Objective: To investigate the effects of alprostadil (Lipo PGE1) in prevention of portal vein thrombogenesis (PVT) after splenectomy for portal hypertension.
Methods: Seventy-six patients with portal hypertension undergoing splenectomy and pericardial devascularization were randomly divided into 2 groups :treatment group (n = 40), receiving intravenous drip of injection of radix Salviae miliorrhazae (RSM) 40 ml and alprostadil 20 microg, both once a day since the third day after operation for 2 weeks and then oral administration of dropping pill of SM, and control group (n = 36), receiving intravenous drip of injection of RSM and taking enteric coated aspirin 3 times a day for 2 weeks and then taking dropping pill of SM. Platelets (PLT), prothrombin time (PT), and liver function were detected periodically. Color Doppler ultrasonography was conducted every week to observe the blood flow velocity and diameter of the portal and splenic veins, and if PVT event and ascites occurred.
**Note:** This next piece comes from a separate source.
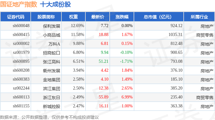 证券之星消息,9月29日,国证地产(399393)指数报收于3522.48点,涨0.95%,成交229.38亿元,换手率1.84%。当日该指数成份股中,上涨的有37家,万业企业以8.99%的涨幅领涨,下跌的有9家,市北高新以3.27%的跌幅领跌。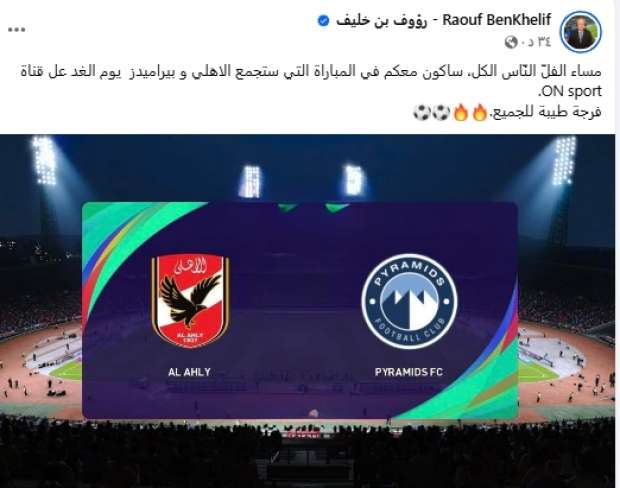 وكتب رؤوف خليف، عبر صفحته بمنصة التواصل الاجتماعي «فيس بوك»: «مساء الفلّ النّاس الكل، سأكون معكم في المباراة التي ستجمع الأهلي وبيراميدز يوم الغد على قناة ON sport.. فرجة طيبة للجميع».

All patients were followed up for 8 - 20 months.
Results: No prolongation of coagulation time and bleeding tendency was found in both groups. The PLT number increased remarkably in the 7th to 14th days after operation without significant difference between the 2 groups (P >0.05). The PVT rate of the treatment group was 5.0%, significantly lower than that of the control group (25.0%, chi2 = 6.12, P < 0.05). The ascites rate of the treatment group was 10.0%, significantly lower than that of the control group (33.3%, chi2 = 7.44, P <0.01). The levels of ALT and total bilirubin 7 and 16 days after operation of the treatment group were all significantly lower than those of the control group (all P <0.05).
Conclusion: Use of alprostadil early after devascularization is an effective and safe measure to prevent PVT, improve liver function, and decrease ascites rate.